Masquer has played with various Swedish musicians, such as Axel Willner (more known by his stage name The Field). He also has made some remixes for their music (for ex. Happiness).

Because of their low budget, Masquer records their songs in Kicki's bedroom and rehearsal studio, finishing mixes are made in Kicki's living room.

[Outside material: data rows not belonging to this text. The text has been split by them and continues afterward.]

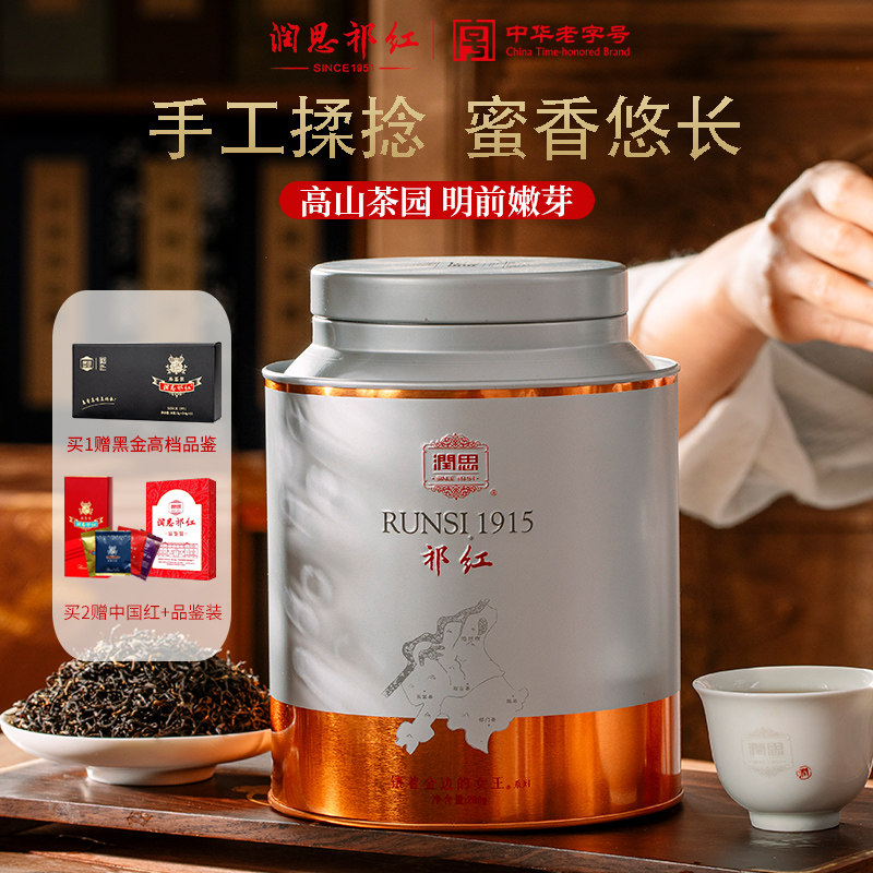 润思祁门红茶官方旗舰店正宗安徽祁红特一级香螺毛峰送礼盒200G
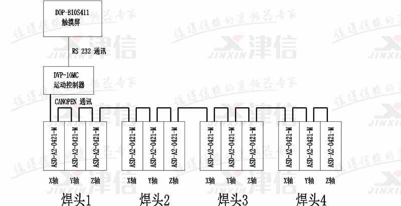 目前市場上以單焊頭超音波焊接機(jī)為主,但是單焊頭存在占用場地,效率低等缺點(diǎn),所以上海津信為客戶推出了以臺達(dá)10MC11T和ASD-A2-0421-M型伺服驅(qū)動器為主開發(fā)的4焊頭超音波焊接機(jī)。
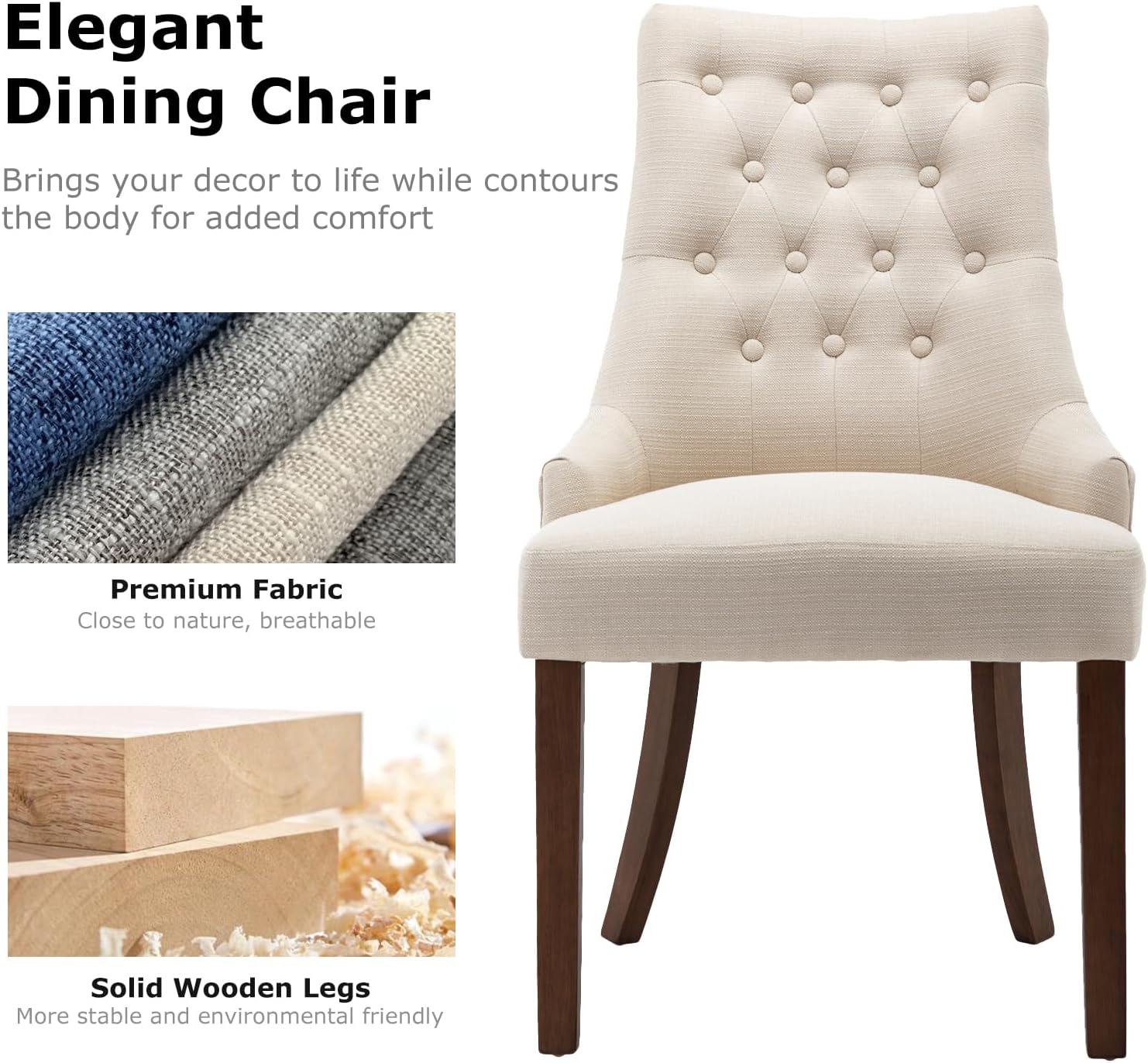 - 【Robust Design】Built to last, our wingback dining chairs can support up to 300lbs, featuring a sturdy wood frame for everyday use
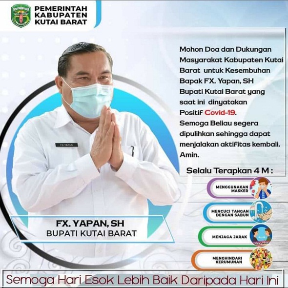SENDAWAR-Bupati Kutai Barat (Kubar) FX Yapan, telah terkonfirmasi positif terinfeksi covid-19. Hasil tersebut diperoleh dari Tes Cepat Molekular (TCM) RSUD HIS 26 Desember lalu.
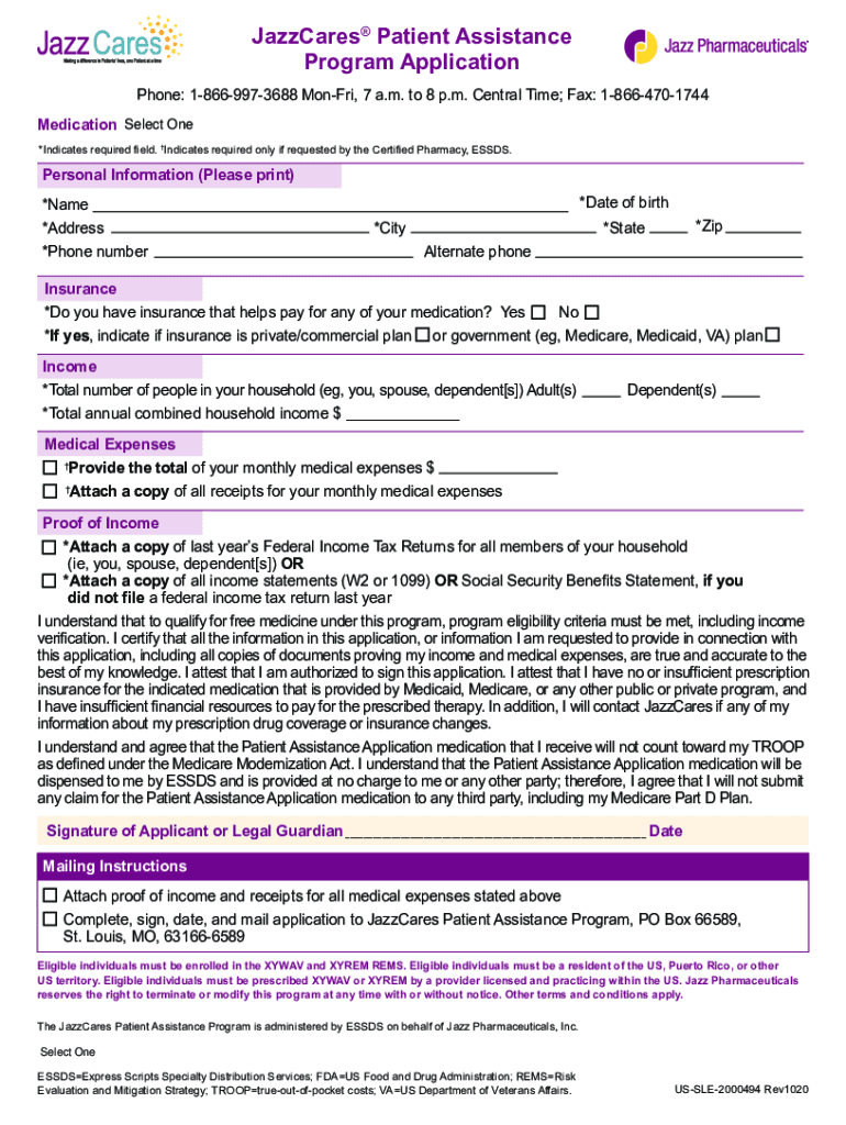 Patients who meet certain financial criteria are required to fill out the jazzcares patient assistance program.
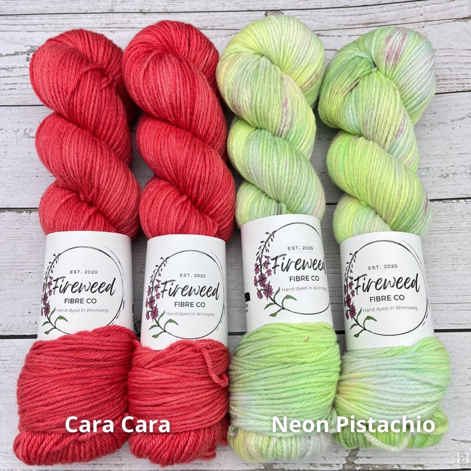 Non-superwash, DK-weight 100% merino yarn, hand dyed in Winnipeg.
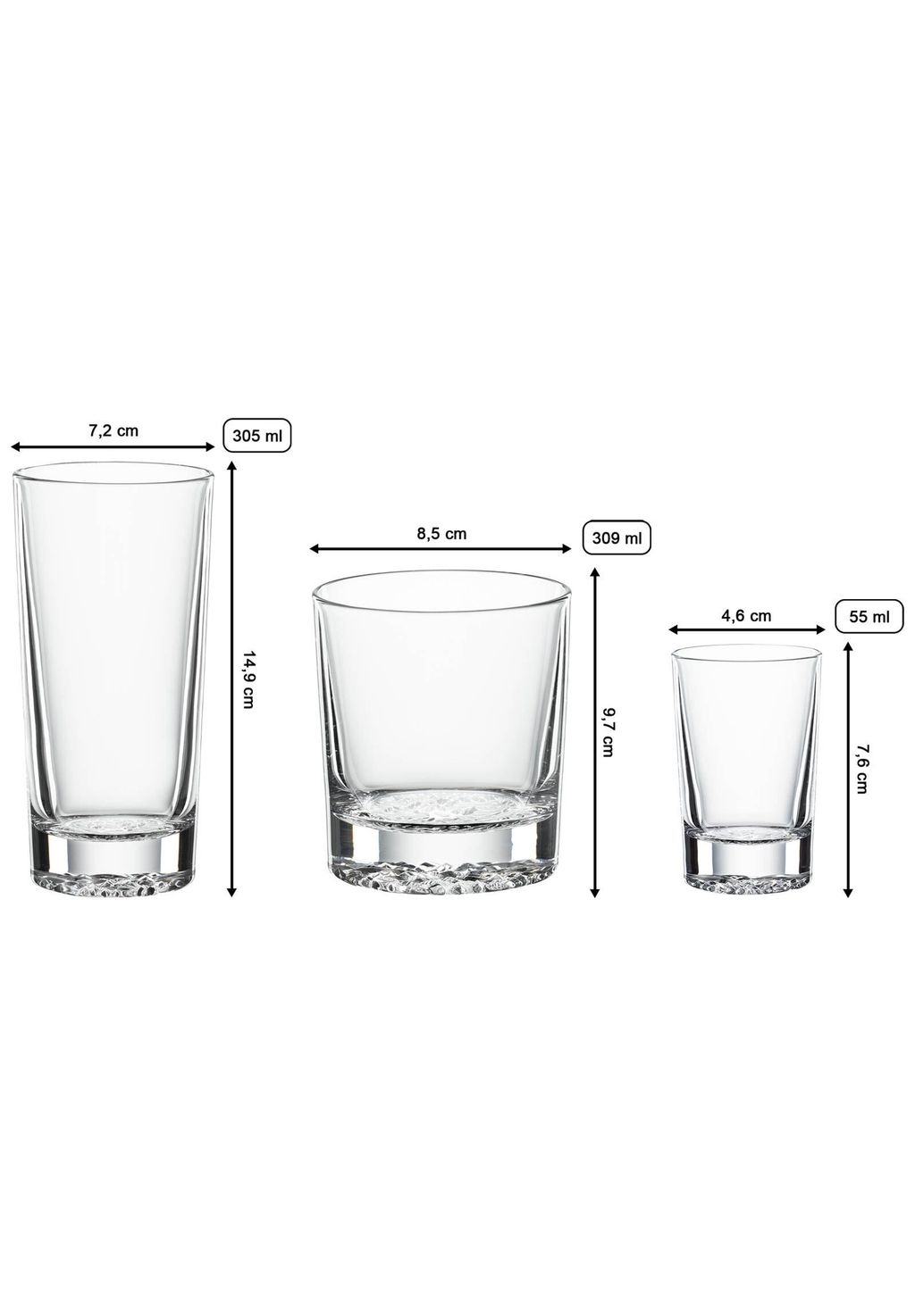 Различные стаканы позволяют идеально подавать виски, лонг-дринки и шнапсы, гарантируя наличие идеального стакана для любого случая.
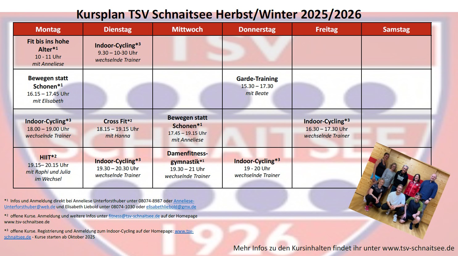 Weitere Infos sowie 10er-Karten erhaltet ihr direkt bei euren Kursleitern. Für weitere Rückfragen steht euch unsere Abteilungsleitung zur Verfügung: fitness@tsv-schnaitsee.de
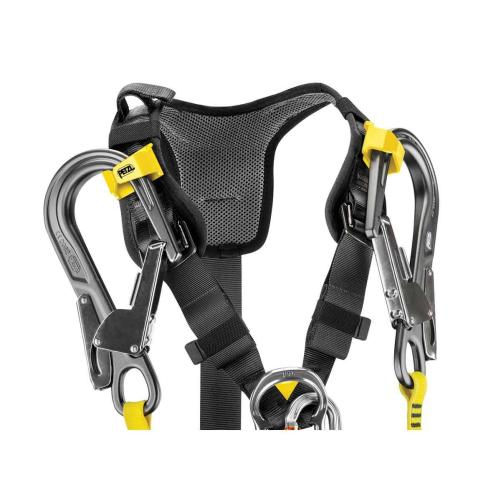 • Il offre un excellent maintien grâce à la ceinture et aux tours de cuisses semi-rigides et larges. Les bretelles possèdent un système permettant de ranger les connecteurs des longes antichute et de les garder à proximité.
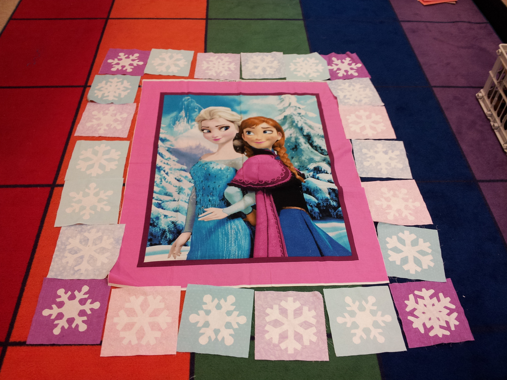 Crafty S.T.E.M.s have been helping me make a project quilt for the Media Center. It’s the Frozen quilt featured in the October issue of Fons & Porter’s Love of Quilting. The kids spent an entire club session making the 22 snowflake appliques required for the quilt. They gained first-hand knowledge of the least expensive (and most labor intensive) way to make fusible applique shapes. They also learned if you are willing to invest a few dollars, you can save a LOT of time by using a manual or electric die-cutting machine. Word to the wise: if you are on the fence about investing the $99 for the Accuquilt GO! 7″ snowflake die featured in the magazine – buy it! It’ll save you a great deal of time – or look on Etsy for folks who will prepare the appliques for a nominal fee.
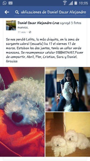 Para mayor información comunicarse al 3884074257. La familia ofrece recompensa.
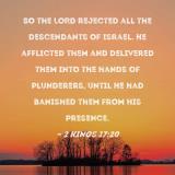 So the LORD rejected all the descendants of Israel. He afflicted them and delivered them into the hands of plunderers, until He had banished them from His presence.
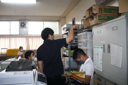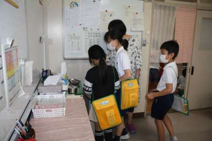 4年生が、きらめき学習で「エコ」について学習を進めています。この日は、学校中を歩き回り、エコに気を付けている所を探しました。
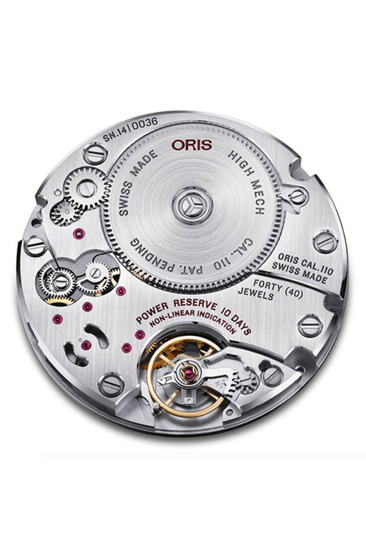 In 2014, to celebrate its 110th anniversary, Oris presented the new Cal. 110, the first hand-wound mechanical movement developed entirely in house since the 1980s, representing the marriage of two complications never seen together before: a 10-day power reserve and a patented non-linear power reserve indicator – each movement being assembled by hand.
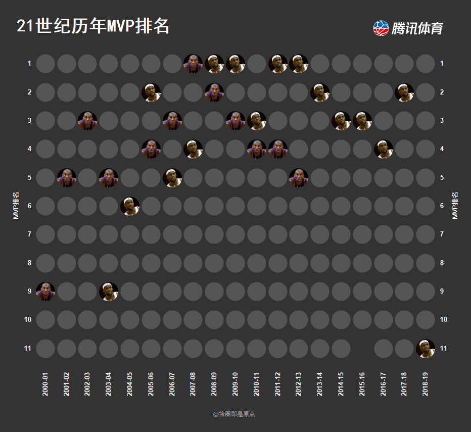 下图是21世纪历年MVP排名,若以个人荣誉而论,2018-19赛季算是詹姆斯的失败季,他勉强进了最佳阵容三队,在MVP评选中只排在第11位。要知道,除了菜鸟赛季,詹姆斯在最佳阵容评选中最差也进了二队,他在MVP评选中最差是新秀赛季的第9位。2018-19赛季前,詹姆斯连续13个赛季在MVP评选中进入了前5位,他连续11年入选了最佳阵容一队,但2018-19赛季,他的两项纪录全断了。
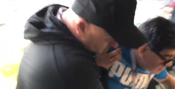Sobre el final, Maradona se peleó con hinchas que estaban cerca de su lugar y tras el festejo, se lo llevaron al palco descompensado y lo sentaron en una silla.
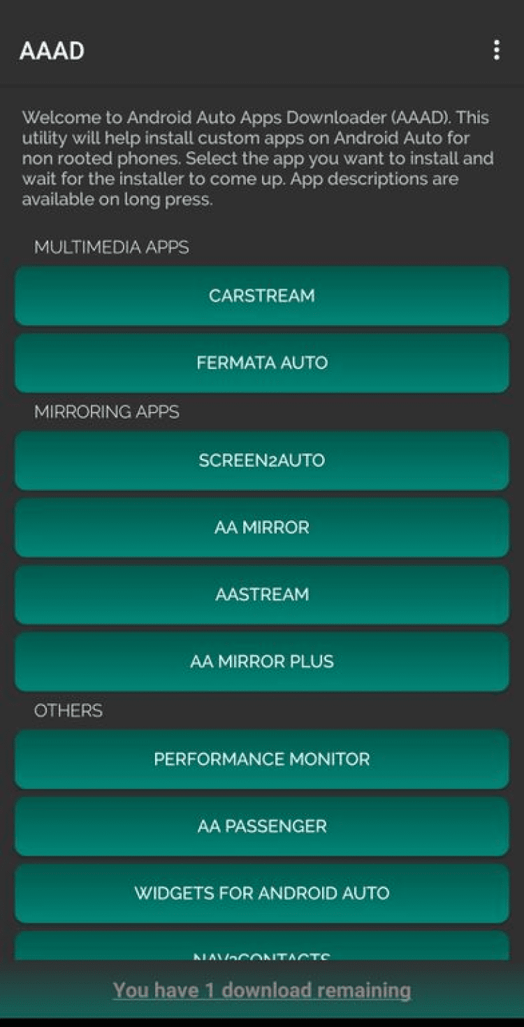 AAAD — это менеджер загрузок, разработанный, чтобы помочь пользователям Android Auto в установке неофициальных приложений.
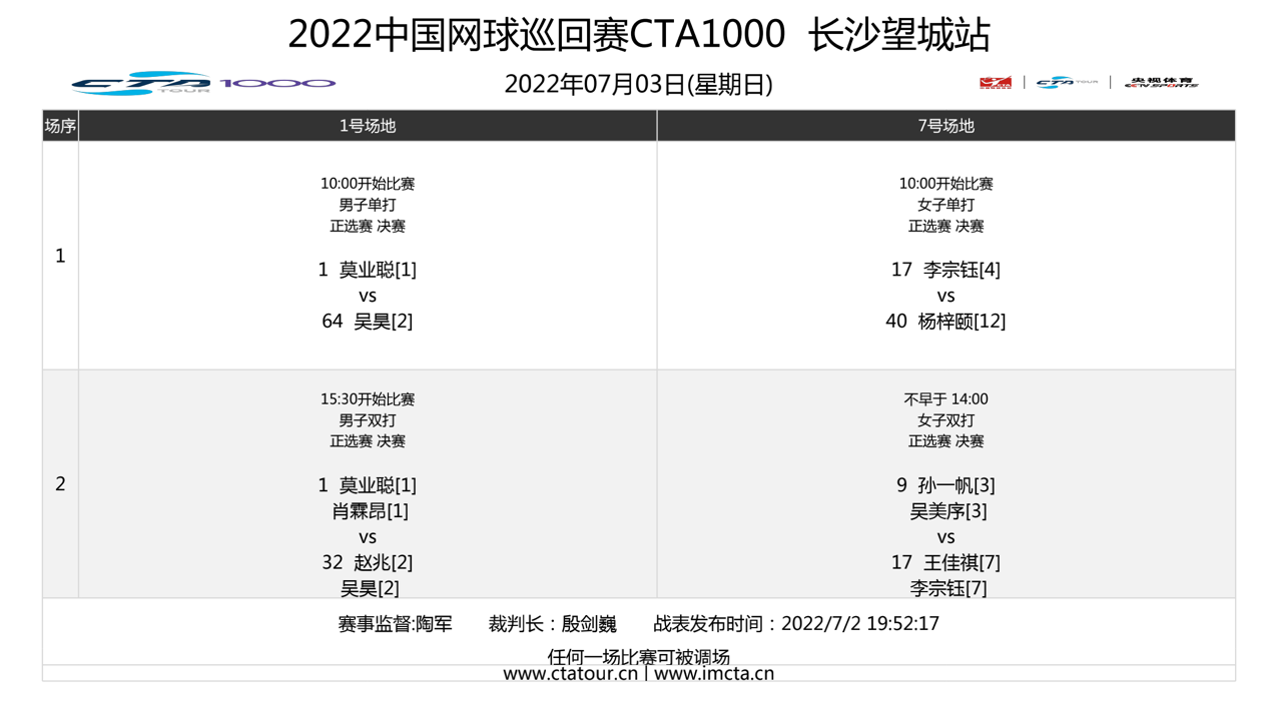 新湖南客户端7月2日讯 (记者 胡旻 实习生 何思羽 彭骏捷)2022中巡赛·长沙望城站经过7个比赛日的争夺,男女单、双打4个项目决赛名单出炉。男单方面,头号种子莫业聪以5战5胜的战绩挺进决赛;女单方面,头号种子郑妩双表现失常,不敌李宗钰。7月3日,2022中巡赛·长沙望城站将上演终极对决。

In Cover My Face As The Animals Cry first was Stark Naked that well reflected whole album, then came out Crush then Bang Bang which had some Depeche Mode vibes.

==Discography==
Covers (2012)

Cover My Face As The Animals Cry (2011)

Stark Naked (Single) (2011)

Happiness (Single) (2011)

==Influences==
The Smashing Pumpkins, Nirvana, The Cure, Sonic Youth, Cocteau Twins.

==Uses in movies==
In 2012, Masquer's EP "Covers" was released, in which they've covered John Madara and David White's famous song "You Don't Own Me", that was originally sung by Lesley Gore in 1963. They even took a video clip for the cover, directed by Charlotte Landelius and Theresa Traore Dahblerg.

The song was featured in a trailer for the British-American horror drama television series created by John Logan for Showtime and Sky, Penny Dreadful.